6. ❓ **Am I feeling pressure to skip routing?**
   - Time pressure → Route anyway (faster overall)
   - Sunk cost → Route anyway (verify first attempt)
   - Authority → Route anyway (verify diagnosis)
   - Exhaustion → Route anyway (clarity more important)

**If you failed ANY check above, do NOT give direct advice. Route to specialist or ask clarifying question.**

---

## When NOT to Use PyTorch Skills

**Skip PyTorch pack when**:
- Choosing algorithms (use training-optimization or algorithm packs)
- Model architecture selection (use neural-architectures)
- Framework-agnostic training issues (use training-optimization)
- Production deployment (use ml-production)

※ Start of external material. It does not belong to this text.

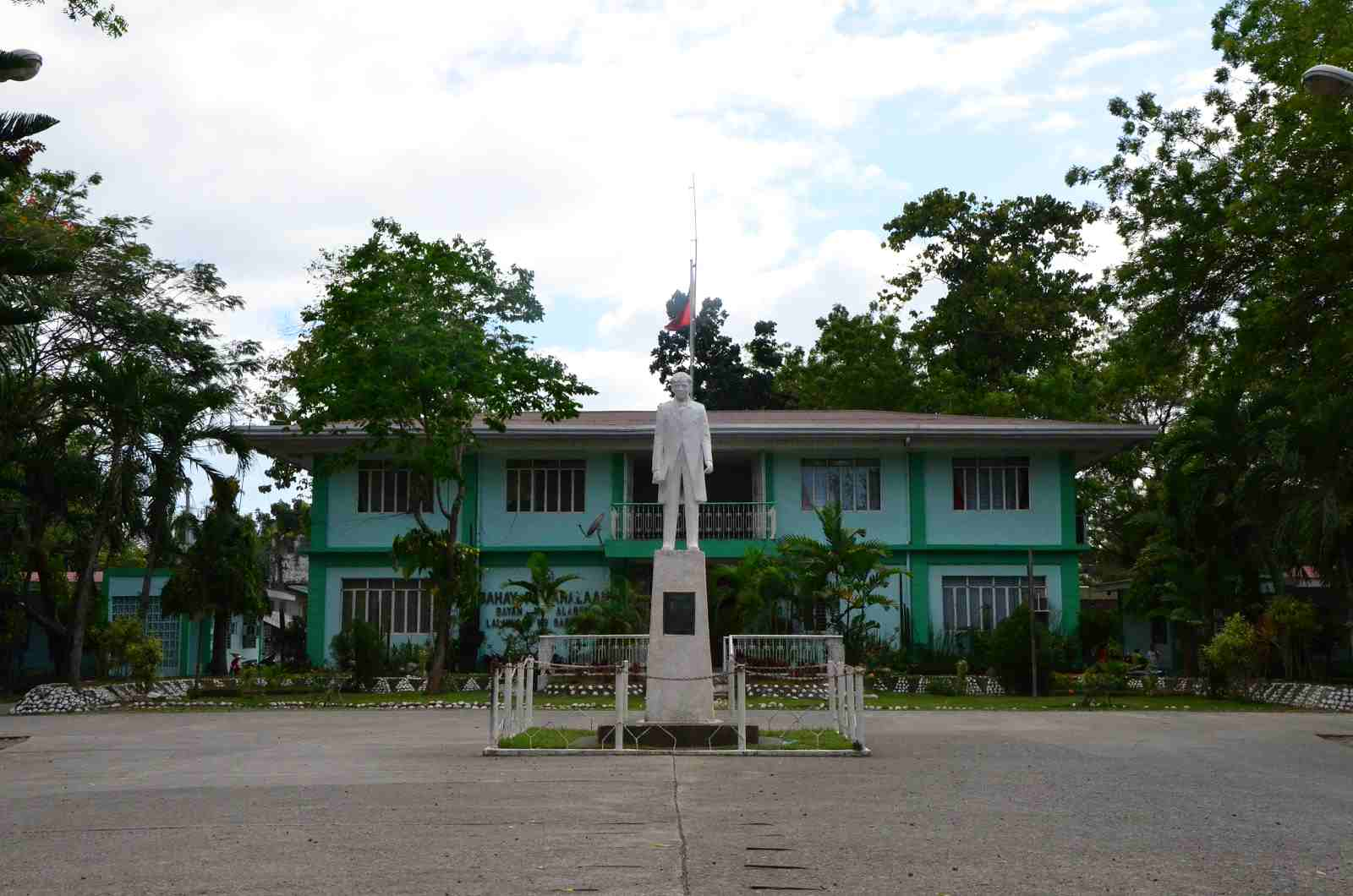 Bahay Pamahalaan ng Alabel

**PyTorch pack is for**: PyTorch-specific implementation, infrastructure, debugging, and optimization issues.

---

## Diagnosis-First Principle

**Critical**: Many PyTorch issues require diagnosis before solutions:

| Issue Type | Diagnosis Skill | Then Solution Skill |
|------------|----------------|---------------------|
| Performance | performance-profiling | mixed-precision / distributed |
| Memory | tensor-memory (profiling section) | tensor-memory (optimization) |
| NaN/Inf | debugging-techniques | mixed-precision / module-design |
| Training bugs | debugging-techniques | Appropriate fix |

**If unclear what's wrong, route to diagnostic skill first.**

---

## PyTorch Engineering Specialist Skills

After routing, load the appropriate specialist skill for detailed guidance:

1. [tensor-operations-and-memory.md](tensor-operations-and-memory.md) - Memory management, efficient operations, profiling
2. [module-design-patterns.md](module-design-patterns.md) - Model structure, nn.Module best practices, initialization
3. [distributed-training-strategies.md](distributed-training-strategies.md) - DDP setup, multi-node, synchronization patterns
4. [mixed-precision-and-optimization.md](mixed-precision-and-optimization.md) - AMP, FP16/BF16, gradient scaling, numerical stability
5. [performance-profiling.md](performance-profiling.md) - PyTorch profiler, bottleneck identification, optimization strategies
6. [debugging-techniques.md](debugging-techniques.md) - NaN/Inf debugging, gradient checking, systematic troubleshooting
7. [checkpointing-and-reproducibility.md](checkpointing-and-reproducibility.md) - Complete checkpointing, RNG state, determinism
8. [custom-autograd-functions.md](custom-autograd-functions.md) - torch.autograd.Function, custom gradients, efficient backward

---

## Integration Notes

**Phase 1 - Standalone**: PyTorch skills are self-contained

**Future cross-references**:
- training-optimization (framework-agnostic training techniques)
- neural-architectures (architecture selection before implementation)
- ml-production (deployment after training)

**Current focus**: Route within PyTorch pack only. Other packs handle other concerns.